Narrative sandtray in practice

Externalizing in the tray

Once an externalized name for the problem has been established verbally, the tray gives it form. "Can you build what Anxiety looks like? Where does it live in your tray? What does it have power over?" The problem gets a figure, a location, a set of relationships — all of which can then be examined and, eventually, challenged or repositioned.

The key is that the client chooses the figure for the problem, not the clinician. Whatever they choose is information: a client who puts a tiny figure at the center of the entire tray is showing how much space the problem takes up. A client who chooses a fierce dragon has a different relationship with their problem than a client who chooses a small, shadowy creature.

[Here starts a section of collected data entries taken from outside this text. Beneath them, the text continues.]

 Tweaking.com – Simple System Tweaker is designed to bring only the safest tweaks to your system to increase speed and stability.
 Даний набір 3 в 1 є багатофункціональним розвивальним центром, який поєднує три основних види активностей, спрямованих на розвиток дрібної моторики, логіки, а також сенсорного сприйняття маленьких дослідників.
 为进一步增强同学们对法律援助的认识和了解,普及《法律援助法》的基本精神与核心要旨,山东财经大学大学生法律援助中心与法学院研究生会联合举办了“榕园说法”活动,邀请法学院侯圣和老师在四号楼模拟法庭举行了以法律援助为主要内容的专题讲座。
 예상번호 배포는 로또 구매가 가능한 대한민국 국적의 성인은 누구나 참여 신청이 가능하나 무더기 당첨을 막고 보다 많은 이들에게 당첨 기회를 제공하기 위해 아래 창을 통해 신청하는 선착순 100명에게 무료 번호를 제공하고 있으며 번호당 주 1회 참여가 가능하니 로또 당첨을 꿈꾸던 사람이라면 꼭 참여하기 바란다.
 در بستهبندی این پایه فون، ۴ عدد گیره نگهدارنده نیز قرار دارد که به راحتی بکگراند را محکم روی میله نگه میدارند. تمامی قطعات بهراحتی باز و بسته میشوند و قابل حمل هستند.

Building the unique outcome

Once the problem has a figure and a place in the tray, invite the client to add a figure for a time when they stood up to it, got around it, or it didn't win. "Where does that you — the one who didn't let Anger take over — go in your tray? What's around them?" The spatial relationship between the problem figure and the unique-outcome figure is itself a narrative: are they close? Far apart? What's between them?

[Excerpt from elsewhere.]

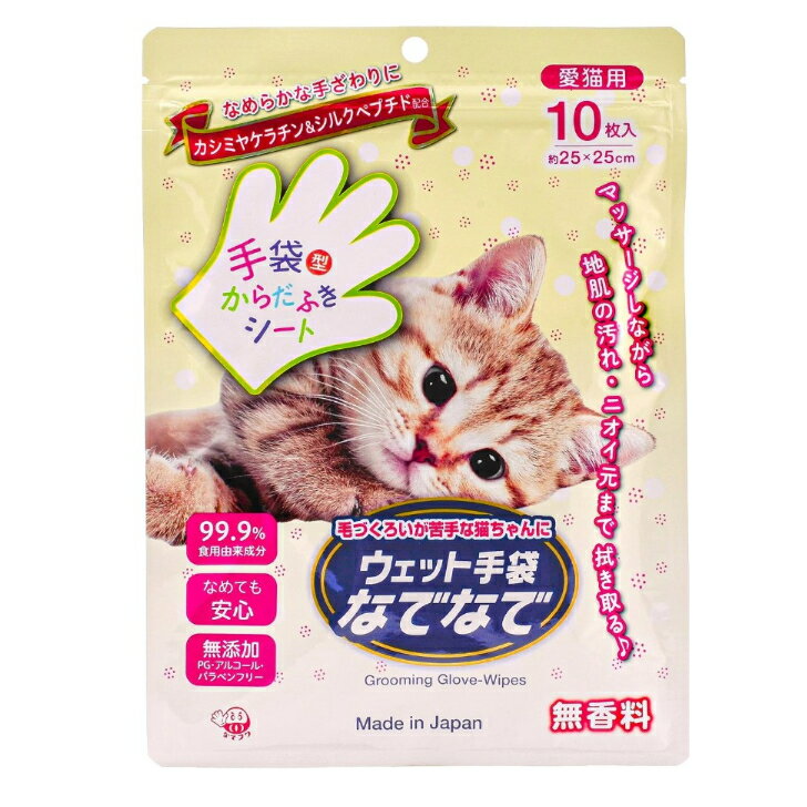 毛づくろいが苦手な猫ちゃんに・カシミヤケラチン(*被毛コート成分)で柔らかく、しなやかな感触に。・シルクペプチド(*被毛コート成分)で被毛の保護、ハリとコシを与える。・においに敏感な猫にやさしい無香料タイプ・左右対称の手袋でスキンシップしながらケアできる。・地肌の汚れ、ニオイ元までしっかり拭ける。・なめても安心。(PG、アルコール、パラベン無添加)原材料(成分):【成分】水、PG、安息香酸Na、グレープフルーツ種子エキス、クエン酸、加水分解ケラチン(カシミヤヤギ)、シルクペプチド、ポリ-ε-リシン、クエン酸Na、シクロデキストリン【素材】レーヨン、PP、PET原産国または製造地:日本商品使用時サイズ:約24×25cm使用方法:・本品を使用前によくブラッシングし、被毛のもつれをほぐしてください。・袋を開封して手袋を1枚ずつ取り出してください。・手袋を手にはめて愛犬の体を拭いてください。・使用後は水洗いやふき取りは不要です。・必要に応じてブラシで毛並を整えてください。・左右対称なので両面お使いいただけます。保管方法:・乾燥を防ぐため、ご使用後はきちんとチャックを閉めて保管し、早めに使い切ってください。・一度袋から取り出した手袋は袋に戻さないでください。・乳幼児の手の届かないところに保管して下さい。・直射日光や高温多湿を避けて保管して下さい。諸注意:・ペットの肌に異常がある場合、肌に合わない場合は直ちにご使用をお止めください。・ペットの目・鼻・口に入らないように注意してください。・この商品は水に溶けませんので、トイレには流さないでください。・本製品の使用は予告なく変更する事があります。・原料由来の異物が付着していることがあります。品質には問題ありません。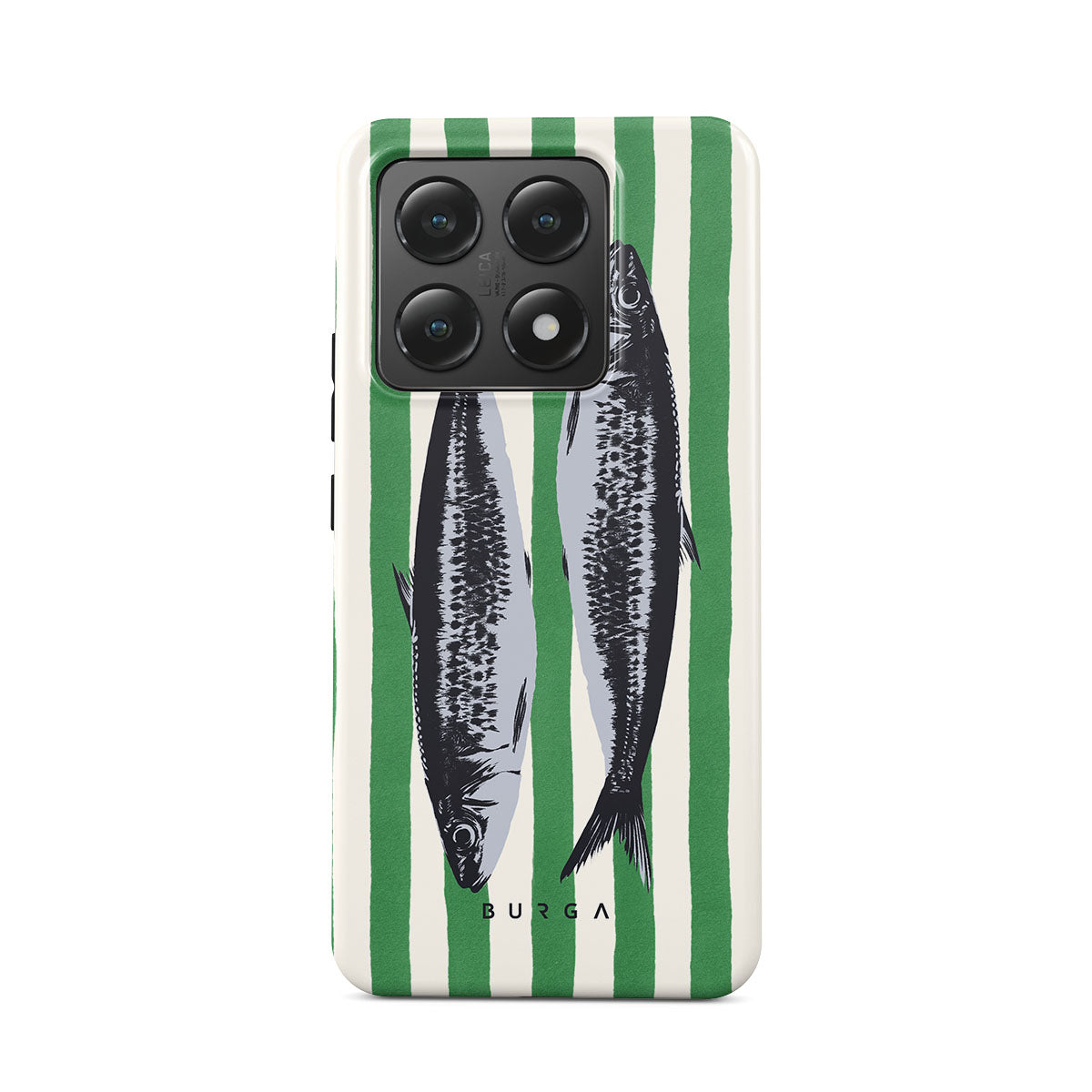 Główne elementy projektu: Sardynki, zielone paski, motywy oceaniczne.

The preferred-identity tray

Narrative therapy is ultimately about identity — about who a person is when they are not being defined by their problem. The preferred-identity tray invites a client to build the world of the person they are when the problem is not running the show: the figures that represent their values, their relationships, their strengths, their way of being. This build is often deeply moving for both client and clinician — and it becomes a reference point for subsequent sessions.

Letters from the tray

David Epston was known for writing letters to clients between sessions, documenting what had been discovered in the work and witnessing the alternative story. In school counseling, a brief written reflection after a narrative tray session — "Today I noticed that you chose [figure] for the part that stands up to Worry. I wonder what that part of you would say if it could speak" — can carry the work into the space between sessions, particularly for younger clients who benefit from concrete, tangible evidence of what was discovered.

For school counselors

Narrative therapy is among the most politically and ethically congruent frameworks for school counseling. It is explicitly anti-deficit, culturally humble, and power-aware. It does not pathologize; it contextualizes. A school counselor who sees children labeled and categorized by their problems has a direct use for a framework that insists on asking: "Who is this child when the problem is not telling the story?"

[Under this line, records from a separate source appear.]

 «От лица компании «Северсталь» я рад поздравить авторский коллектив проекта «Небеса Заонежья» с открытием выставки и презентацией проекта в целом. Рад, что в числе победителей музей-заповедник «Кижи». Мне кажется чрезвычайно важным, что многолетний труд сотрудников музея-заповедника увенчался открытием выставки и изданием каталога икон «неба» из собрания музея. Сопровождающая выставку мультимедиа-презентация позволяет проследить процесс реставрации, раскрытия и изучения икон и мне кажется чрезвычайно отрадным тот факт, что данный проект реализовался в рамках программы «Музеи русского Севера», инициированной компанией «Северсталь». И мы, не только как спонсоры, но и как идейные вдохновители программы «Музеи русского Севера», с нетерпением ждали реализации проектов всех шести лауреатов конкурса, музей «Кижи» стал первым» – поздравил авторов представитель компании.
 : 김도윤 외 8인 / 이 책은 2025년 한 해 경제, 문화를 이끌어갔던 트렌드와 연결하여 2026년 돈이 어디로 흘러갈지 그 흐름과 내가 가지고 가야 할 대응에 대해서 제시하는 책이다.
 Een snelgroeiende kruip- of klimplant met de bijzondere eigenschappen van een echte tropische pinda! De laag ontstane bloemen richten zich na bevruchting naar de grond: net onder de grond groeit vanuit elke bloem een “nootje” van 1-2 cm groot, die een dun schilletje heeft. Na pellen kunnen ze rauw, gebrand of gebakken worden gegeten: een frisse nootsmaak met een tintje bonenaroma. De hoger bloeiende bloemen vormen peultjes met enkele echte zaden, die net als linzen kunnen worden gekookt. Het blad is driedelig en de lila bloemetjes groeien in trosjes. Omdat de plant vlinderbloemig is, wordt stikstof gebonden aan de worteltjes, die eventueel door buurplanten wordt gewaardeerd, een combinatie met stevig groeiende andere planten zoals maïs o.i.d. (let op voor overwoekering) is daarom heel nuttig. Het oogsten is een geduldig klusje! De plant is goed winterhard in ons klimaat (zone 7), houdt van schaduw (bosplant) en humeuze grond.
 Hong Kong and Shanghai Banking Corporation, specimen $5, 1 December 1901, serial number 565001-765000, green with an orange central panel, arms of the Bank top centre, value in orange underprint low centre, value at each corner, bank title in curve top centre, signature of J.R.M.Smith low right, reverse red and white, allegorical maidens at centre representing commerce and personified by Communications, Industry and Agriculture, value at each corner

Narrative therapy and diagnosis

White was explicitly critical of psychiatric diagnostic categories as identity-defining labels. He did not deny that people suffer or that some experiences are more disabling than others; he questioned the practice of placing the category inside the person. For clinicians working in settings where diagnostic language is required, narrative therapy offers a practical distinction: diagnoses can be used instrumentally (for documentation, for access to services) while the therapeutic relationship maintains an externalizing, identity-respecting stance. The child is not ADHD; the child has a relationship with attention and impulsivity that has received the label ADHD — and the label is not the last word on who they are.

Citations & Further Reading

  1. Epston, D. (1989). Collected papers. Dulwich Centre Publications.
  2. Freeman, J., Epston, D., & Lobovits, D. (1997). Playful approaches to serious problems: Narrative therapy with children and their families. W. W. Norton.
  3. Homeyer, L. E., & Sweeney, D. S. (2017). Sandtray therapy: A practical manual (3rd ed.). Routledge.
  4. Madigan, S. (2019). Narrative therapy (2nd ed.). American Psychological Association.
  5. Morgan, A. (2000). What is narrative therapy? An easy-to-read introduction. Dulwich Centre Publications.
  6. White, M. (2007). Maps of narrative practice. W. W. Norton.
  7. White, M., & Epston, D. (1990). Narrative means to therapeutic ends. W. W. Norton.